This ill advised law which many of us fought against comes into force on March first. Paul McKenna of Bishop Crosas CSC attended a Q&A session last night and has provided TCN with the key points from the meeting.

“Attended a meeting with the police team that will run the offensive behaviour act coming March 1st.

Mentions of the IRA in any song will not be allowed. Other teams mentioned are Hearts & Rangers with the famine song and Aberdeen with the Ibrox disaster. None of these are allowed under the bill.Question came up about ‘aggressive blessing’. They said you can bless yourself at games like the players do as they come on and off the park but they wont allow charging toward the segregation fence facing opposing fans and blessing yourself in front of them as this will be seen to ‘wind them up’, to use a looser term than offending them.

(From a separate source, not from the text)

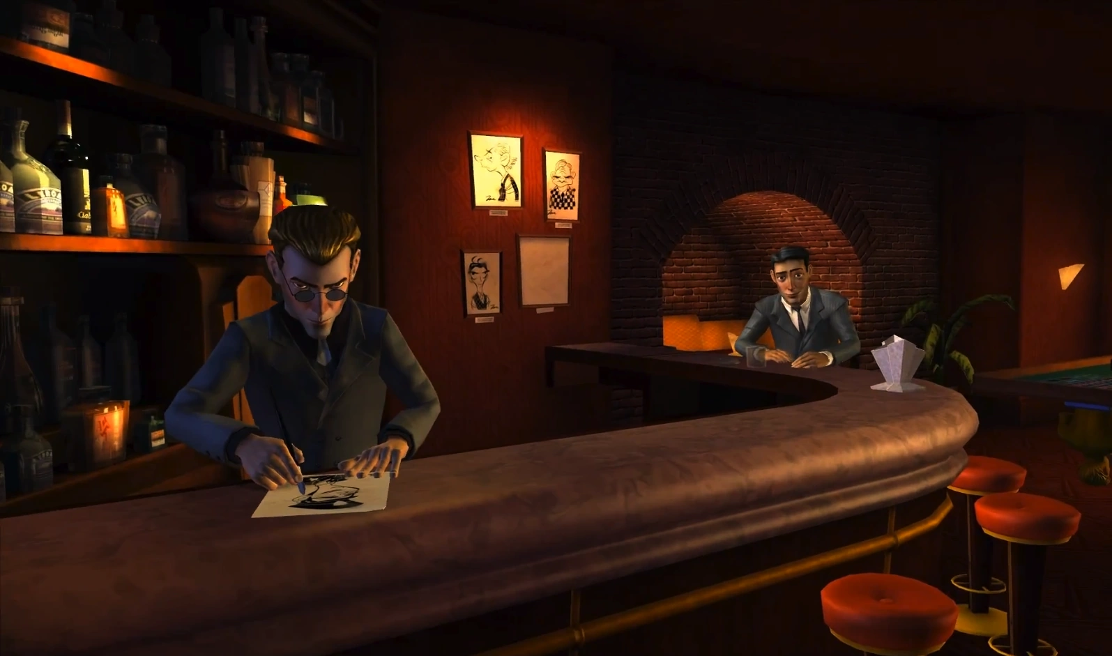 Access to the speakeasy was restricted to only those that gave successful passwords at the door, guarded by Matches. Downstairs, a stage was set up for Trixie Trotter to perform, with a piano played by Cue Ball, and a bar tended by Zane. Up on the wall were caricatures of people, called the "Wall of Fame", whom Kid had killed personally. One of the drinks served was McDermott's Canadian Whiskey.

Also asked if using the word ‘hun’ would be sectarian, the answer was NO! As a stand alone word it will not stand up in court as hatred/offensive etc. But if you add on other offensive terms then it MAY fall into breaking the new law. For example: “you orange bastard dirty hun”, that’s an example I’m using there as an indicator of what I thought they meant.

‘Boys of the old brigade’ will be punishable under the new law as deemed by Lord Advocate to be in support of a terrorist organisation.

National anthems are EXEMPT from this new law at football grounds.

Law extends to travel periods. This will extend to a 12 hour window before and after a game. For example, act in a way that this law deems offensive 4 hours after a game in the pub then punishable under the penalties imposed as if you were at the ground.

Big clamp down on internet hate, especially on Facebook and Twitter. Places like ‘Huddleboard and ‘Follow Follow’ etc can’t be viewed by police until a member of that board reports a post. Same punishment of up to 5 years applies for internet related hatred/bigotry etc.

Offences committed by non-Scottish residents will be pursued for prosecution although admitted this will be tougher but will look at each case as and when it happens.

‘Having a party when Rangers die’ has been used by Celtic and Killie fans recently and if continues WILL NOT fall into breaking the new legislation as they see this in the context of banter.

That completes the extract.